◆ Data items

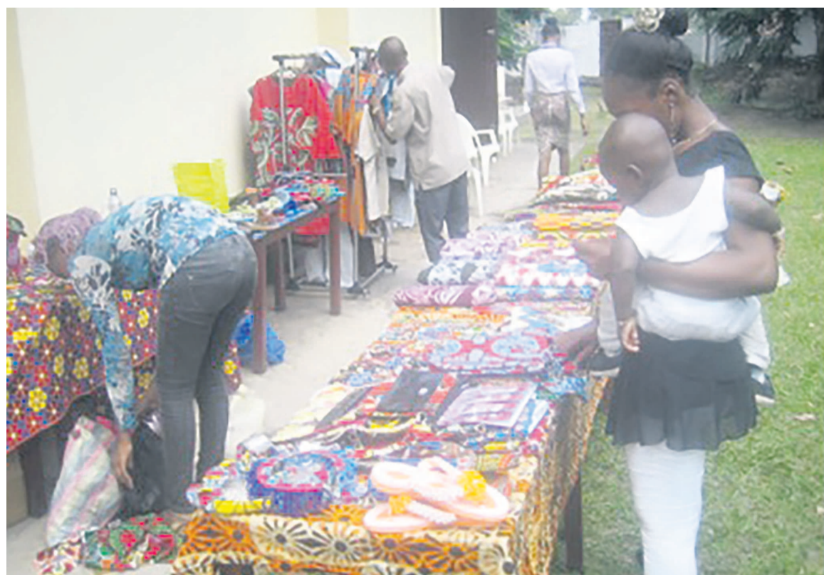
Quelques articles exposés
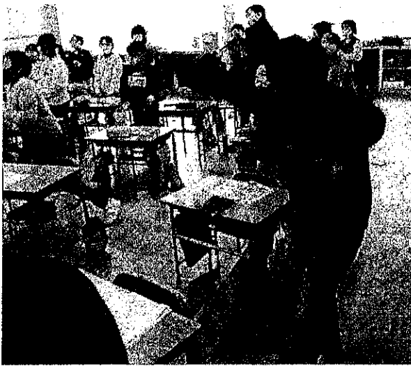
「ABC」の歌に合わせてダンス！
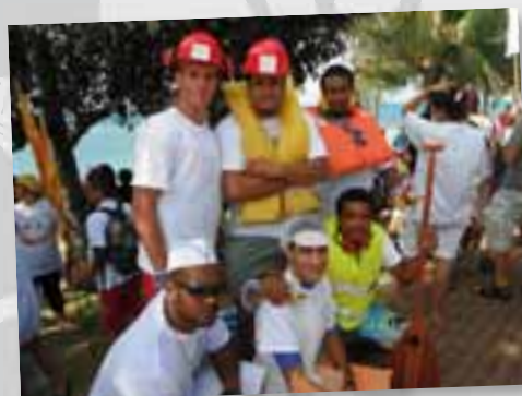
L'équipe du CFA pour la Régate des Touques 2012

La CMA était partenaire de l'émission culinaire qui a été diffusée en fin d'année dernière sur NC 1ère. Les épreuves se sont déroulées dans l'atelier cuisine du Centre de Formation Lucien Mainguet. Lors du tournage, deux apprentis ont participé comme commis et un formateur de la section cuisine faisait partie du jury.
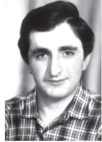
ამავე წლის ივლისიდან უკან აღარ დაბრუნებულა.

დაიბადა 1959 წლის 6 ნოემბერს ასპინძის რაიონის დაბა ასპინძაში. 1966 წლიდან 1976 წლამდე სწავლობდა ასპინძის საშუალო სკოლაში, შემდეგ სწავლას აგრძელებს თბილისის კომპერაციულ ტექნიკუმში, რომელიც დაამთავრა 1979 წელს. შემდეგ გაიარა სავალდებულო სამხედრო სამსახური და 1992 წლიდან მოხალისედ იბრძვის სამაჩაბლოში, 1993 წლიდან მუშაობას იწყებს ახალციხის 22-ე მოტომსროლელი ბრიგადის 21-ე ბატალიონში სასადილოს უფროსად. 1993 წლის ივნისში გაიწვიეს საბრძოლველად აფხაზეთში – ბრძოლის წინა ხაზზე. 1993 წლის ივლისიდან უკან აღარ დაბრუნებულა.
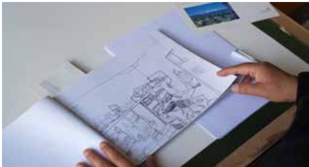
这是一个零基础的同学画的宿舍的场景。

其实基础训练阶段还提不到所谓“艺术”的高度，目的很简单，就是学会把对象画的比例恰当、造型准确。要达到这个目的唯一的方法就是多画多练，别无捷径。
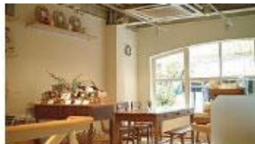
カフェ・キャトル (神戸)
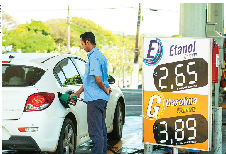
De acordo com levantamento da ANP, o valor máximo da gasolina comum na cidade era de R$3,99 e o mínimo R$3,79, entre 1º a 17 de agosto

passou de R$ 0,12 para R$ 0,13 para o produtor. Para o distribuidor, a alíquota, zerada, aumentou para R$ 0,19.
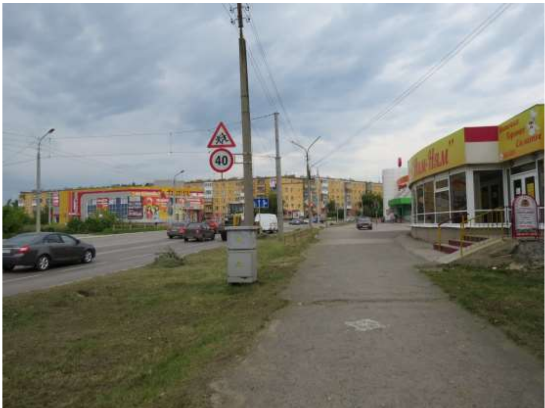
Регулируемый пешеходный переход перекрестка улиц Кирова – Кунавина
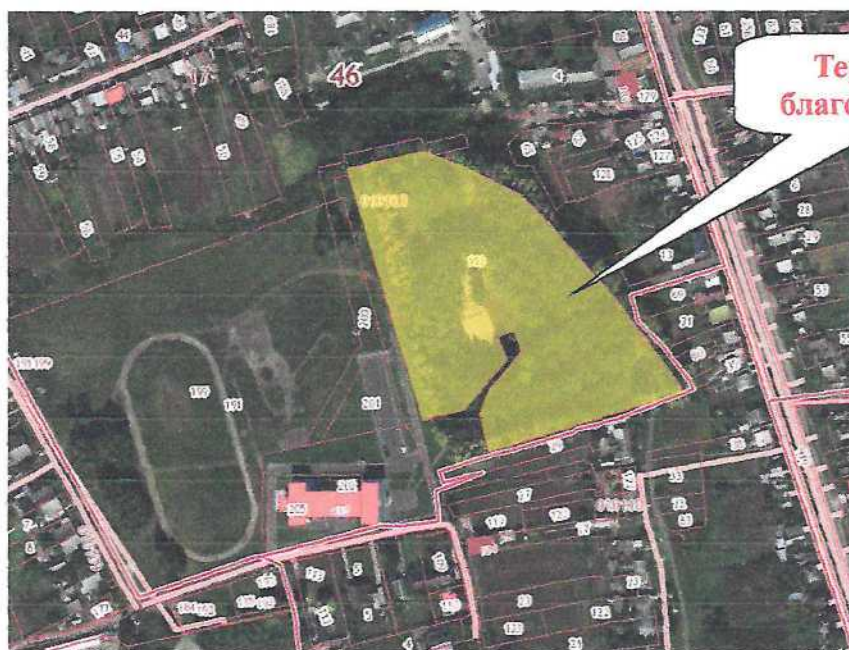
Рис.1. Общий вид территории благоустройства.

Территория, благоустройства, расположена на земельном участке с кадастровым номером 46:17:010108:193, земельный участок находится в собственности муниципального образования «поселок Прямицыно» Октябрьского района Курской области. Площадь территории благоустройства составляет 30 280 кв.м. и находится в центральной части поселка. Градостроительная особенность территории благоустройства состоит в том, что он находится, в общественно-деловой зоне, вокруг земельного участка находятся индивидуальная жилая застройка, а также общеобразовательная школа.
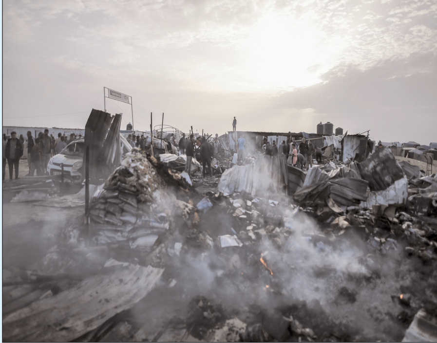
संख्या 36,050 पहुंच गई है। बेन्जामिन नेतन्याहू ने इस हमले को लेकर अपनी गलती मानी है। नेतन्याहू ने कहा कि सैन्य कार्रवाई का उद्देश्य किसी भी इंसान को नुकसान पहुंचाना नहीं था। इस

इजराइल के प्रधानमंत्री बेन्जामिन नेतन्याहू ने इस सैन्य कार्रवाई पर अफसोस जताया है। उन्होंने कहा है, "बहुत बड़ी गलती हो गई"। प्रत्यक्षदर्शियों का कहना है कि हवाई हमले की वजह से विस्थापित लोगों के तंबुओं में आग लग गई और लगभग 45 लोगों की झुलसने से मौत हो गई। उल्लेखनीय है कि सात अक्टूबर, 2023 से जारी इजराइल के हमलों में मरने वाले फिलिस्तीनियों की संख्या 36,050 पहुंच गई है।
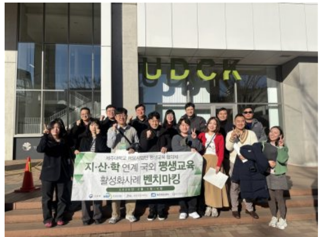
[ 방문 사진 ]
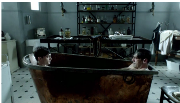
Fig. 2 : Un double bien envahissant (1.4).

avec l'affrontement pour récupérer le livre... que le double finit par manger pour mettre définitivement fin à la lecture.
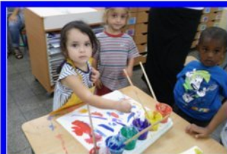
ילדי הגן הצעיר מתאקלים ונהנים
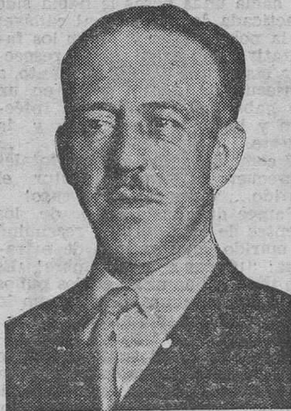
El teniente coronel don Esteban Infantes, libertado recientemente, después de año y medio de condena

◆ YOUR OBJECTIVE
Search the entries for the string "pour" and collect each line that has it.

◆ RESPONSE BOX
L'équipe du CFA pour la Régate des Touques 2012
avec l'affrontement pour récupérer le livre... que le double finit par manger pour mettre définitivement fin à la lecture.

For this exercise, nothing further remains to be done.